No and Me from Bloomsbury…

June 9, 2010 at 8:03 pm | Posted in Young Adult | 2 Comments

Delphine De Vigan, ‘No and Me’, Bloomsbury, May 2010

Lou is a thirteen year old girl living in Paris. She is an exceptional student with an IQ of 160 who is excelling in school. But Lou lives a lonely life with a mother who is suffering with depression and a father who is caught up taking care of her mother. She is a tiny girl, much shorter than her schoolmates who is neglected by her parents and forgotten about by her classmates. Her intelligence however affords her a freedom on a higher level and Delphine De Vigan uses this to narrate a story on homelessness set against the backdrop of one of the most grandiose and beautiful cities in the world-Paris.

Tenderly written, Delphie De Vigan, tackles the issue of homelessness using the voice of Lou. It is a beautiful idea that such a little girl can take on the large problem of homelessness. Lou meets an older homeless girl called No with whom she strikes up a friendship with and eventually No comes to live with Lou and her parents. This book gives the reader philosophical insights into how society can continue to let people live on the streets and Lou’s innocence generates a powerful narrative. De Vigan tackles the issues head on and her language is simple. These two methods lend the novel a strong emotional foundation.

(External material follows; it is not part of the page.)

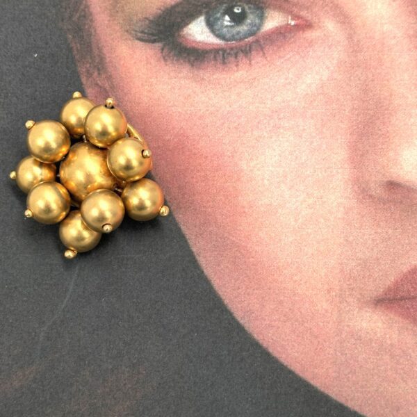 These playful Robert Lee Morris for Donna Karan Bubbles Earrings are so fun. The size and golden colors of these gold plated brass balls, affixed to a frame is dramatic fashion.

No and Me topped the bestseller charts in France where it was the bookseller choice in 2007. Bloomsbury is publishing it in two editions for adults and for teenagers. I didn’t know beginning the book that it was a crossover novel but it became clear very quickly. It is highly recommendable for young teenagers, a coming of age story and a good introduction to philosophy. An interesting read and a super translation from the original French story.

Haiku; The French tradition, of teaching philosophy to children is here.